That is, if the user wants to perform actions based on the state of the iterator beyond just being exhausted or not (which signals the end of an epoch), they are expected to request the state of the data stream and program their own logic to act on it.

rizar commented 9 years ago

Well, I see, you both offer writing a new main loop to solve a new task. While I agree that it will do the job, I argue that in such an approach we miss code-sharing between main loops. I can not take the standard main loop and introduce a couple of modifications in it, I have to copy it and modify the copy.

The event-based framework I sketch in my pull request #88 is a toolbox to construct new main loops and modify existing ones. I do not think the user should work at such a low level every time, but it when suddenly he needs a non-standard modification, he should not have to copy the whole thing to do it.

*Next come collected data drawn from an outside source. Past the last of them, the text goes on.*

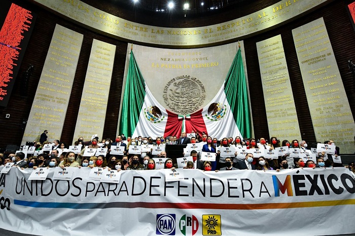 En conferencia de prensa en el Palacio Legislativo de San Lázaro, junto con los dirigentes nacionales de los partidos Acción Nacional (PAN), Marko Cortés y de la Revolución Democrática (PRD), Jesús Zambrano, así como los coordinadores parlamentarios de las tres fuerzas políticas en la Cámara de Diputados y los alcaldes de la alianza de todo el país, dijo que es un tema de acuerdo, porque es un tema de la gente.
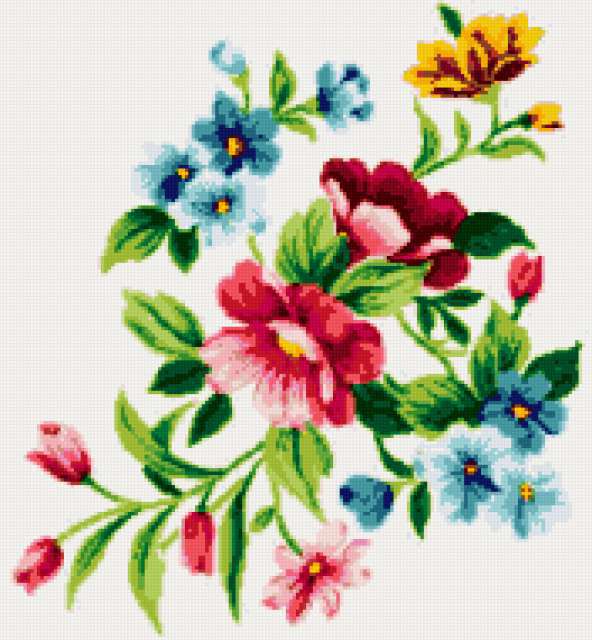 Ориентировочно так, схема вышивки «5489148», созданная автором irenidanna, будет выглядеть при отшиве на канве. Размер данной вышивки равен 176x190 крестов, при этом используется 39 цветов. Ключевые слова, по которым можно найти эту схему: цветы, узор, для скатерти. Также, вы можете взглянуть на оригинальную картинку, соответствующую данной схеме вышивки.
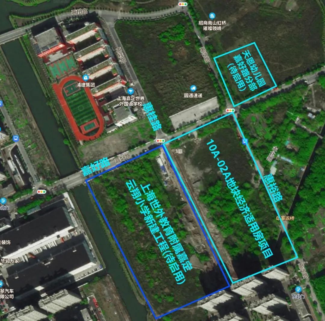 项目东至惠裕路、南至印家浜、西至惠桂路、北至嘉好路,西面是待启用的上海世外教育附属嘉定云翔小学,西北方向是上海嘉定世界外国语学校,东北方向是待启用的天恩幼儿园嘉好路分部,教育资源雄厚。
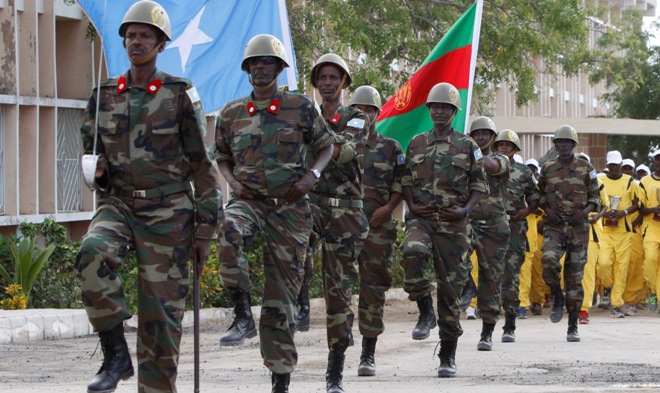 Somali military march at a Ministry of Defense compound during celebrations on the 55th anniversary of the Somalia force in Mogadishu, Somalia, Sunday, April 12, 2015. © AP Photo/Farah Abdi Warsameh
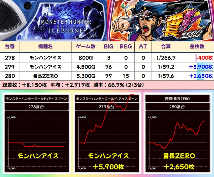 【3台並び】モンハンアイス・番長ZERO(278-280番台)
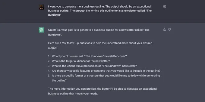 Шаг второй. Отвечаем на вопросы от нейросети. В примере из Twitter разработчик попросил, чтобы ChatGPT сгенерировал для него бизнес-план. Продукт, для которого нужен бизнес-план, — бюллетень под названием «X».
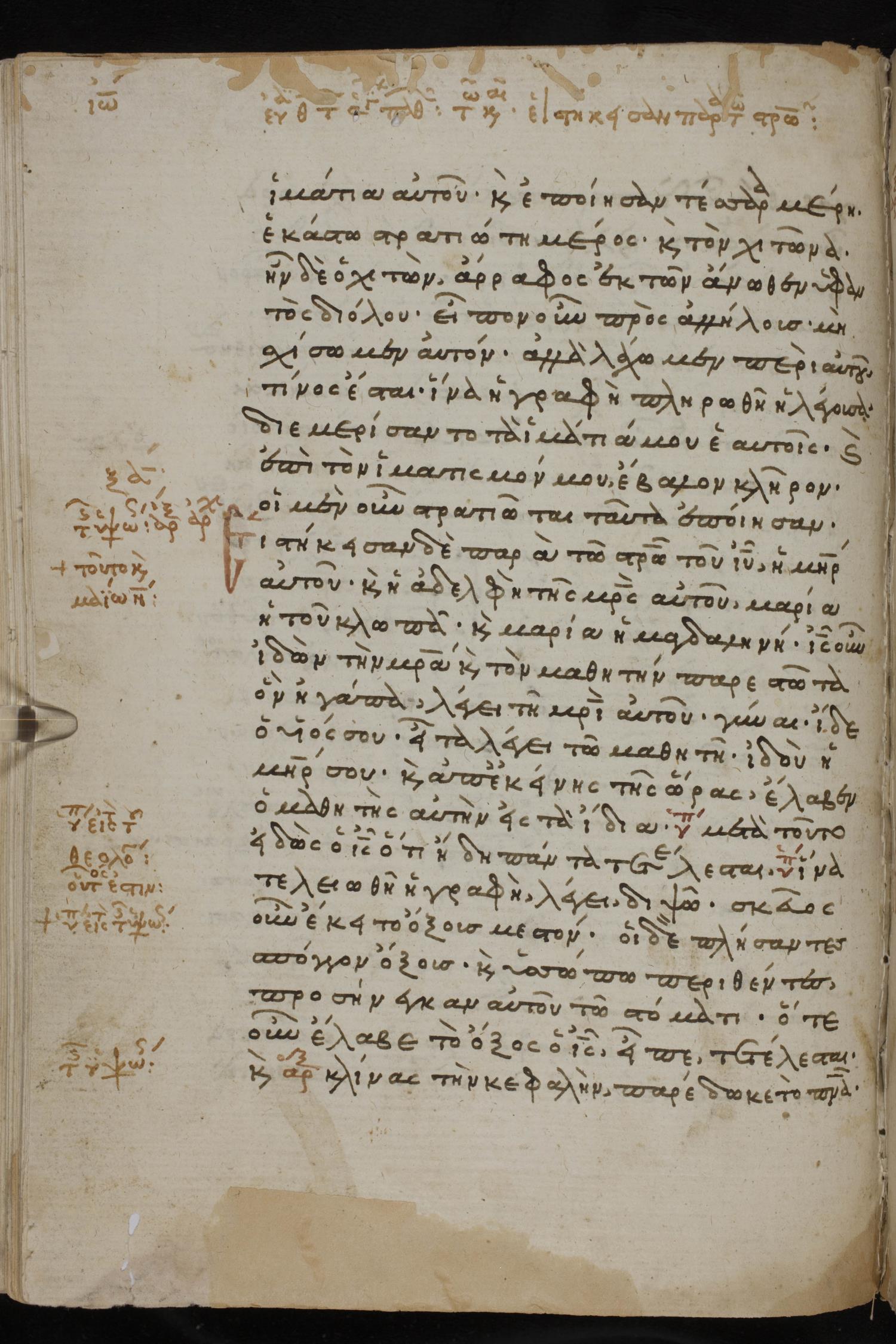 Thirteenth century minuscule of the Gospels, Apostolos, Paul, and Revelation on paper; 412 leaves, 1 column, 24-28 lines per column. Images were taken at the National Library of Greece in Athens.

rizar commented 9 years ago

In addition having institutionalized callbacks (aka events) exempts us from this rather involved "iterator of iterators" scheme. Data becomes a pure flat stream, which simplifies writing intermediate stages of data preparation. Epoch becomes just another event.

bartvm commented 9 years ago

The code-sharing problem would be solved by using a TrainExtension similar to Pylearn2, as @janchorowski suggested. I quite like this feature of Pylearn2, and many complicated use cases can be implemented with it while keeping the common cases simple. These extensions could be called at different places in the main training loop to perform these checks. So saving and monitoring would be something like:

class CustomExtension(TrainExtension):
    cur_sentence = 0
    cur_document = 0
    def before_train(data_stream, computation_graph, ...):  # Or just pass the Train object?
        if data_stream.sentence != cur_sentence:
            serialize(computation_graph)
            cur_sentence = data_stream.sentence
        # etc.

Train(..., extensions=[CustomExtension()]).main_loop()
rizar commented 9 years ago

Nice, I also like training extensions. But:

  1. You have to anticipate at development time all the possible places where one may want to insert something, like before_train. When I was hacking with PyLearn2 I suffered because I could not run a method of my extension in the exact place where I wanted it. So you need before_training_starts, before_data_fetched, after_iteration, after_training and so on: the extension's interface is gonna be huge.
  2. Whatever you put not in the extension will be impossible to switch off. Like this pickle-based serialization in PyLearn2: we have to live with it forever. So in fact everything is gonna be in an extension and you end up again with an event-based framework (with a finite set of possible events though).
  3. What about order in which extensions are called? It can be quite limiting to have it the same for all handler methods.
bartvm commented 9 years ago

I don't think (1) is a big shortcoming. Whenever the need arises you add a single line to the core code (e.g. some helper function call_extensions('before_data_fetched')) and then you write an extension

class SimpleExtension(TrainingExtension):
    def before_data_fetched(args):
        pass

If we think that it is a sensible place to interject code, I have no issue with submitting this extra line of code to the core library.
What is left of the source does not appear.